Phantom call traffic is call traffic received at a terminating local communications exchange, where associated call signaling lacks sufficient information for the terminating local exchange to determine an appropriate jurisdiction of the call or a carrier responsible for call termination charges. The terminating local exchange may not be able to bill and receive compensation from responsible originating parties. Most Local Exchange Carriers (LECs), Competitive Local Exchange Carriers (CLECs) and Independent Operating Carriers (IOCs) that terminate calls at their respective local exchanges experience some degree of phantom call traffic. In some estimates, between 20% and 30% of all terminating inter-carrier traffic cannot be billed due to insufficient information, thus resulting in significant loss of revenue for the LECs, CLECs and IOCs.

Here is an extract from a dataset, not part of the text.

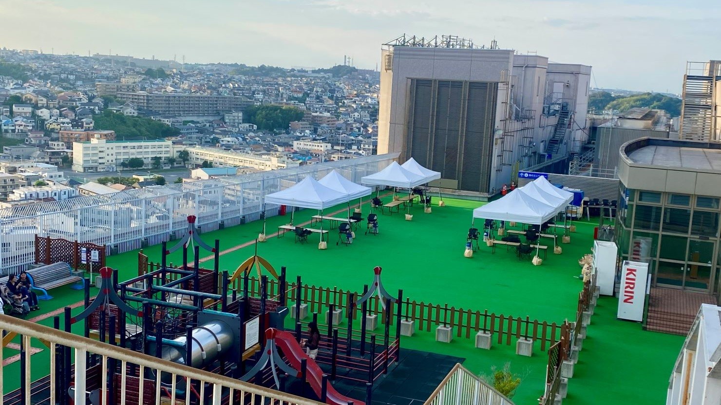 12階にはフットサルコートがあり、地元のサッカークラブ「横浜F.マリノス」のスクールやフットサル大会などが開催されています。上大岡の街を一望できる屋上では、飲み物を片手にのんびりとした時間を過ごせます。

Reasons for the occurrence of phantom call traffic are many and varied. Some phantom calls may have been delivered over numerous communications exchanges, each of which may be owned and/or operated by a different service provider. Differences between architectures, signaling, call detail and billing systems of these numerous communications exchanges may result in inaccurate (and in some cases, impossible) billing of termination charges. In some cases, legacy issues may exacerbate phantom traffic. For example, legacy exchanges along a call route may be limited to routing based on destination number only, and may not be able to forward sufficient detail for billing purposes. Also, inter-exchange signaling protocols may not easily support the data required for accurate billing of calls, especially with the addition of new types of communication access technologies such as wireless, broadband, and others.
Indeed, newer communication access technologies themselves may exacerbate phantom call traffic, e.g., a roaming wireless call may have a calling number that does not correspond to an exchange from which the call originates. Furthermore, in some markets, termination charges for local calls are significantly less than termination charges for access calls, thus motivating some originating or intermediate carriers to mask their carrier identity to take advantage of the lower local termination charges. Other reasons for phantom call traffic may be possible, all of which may result in insufficient information for a terminating local exchange to correctly bill termination charges, if at all.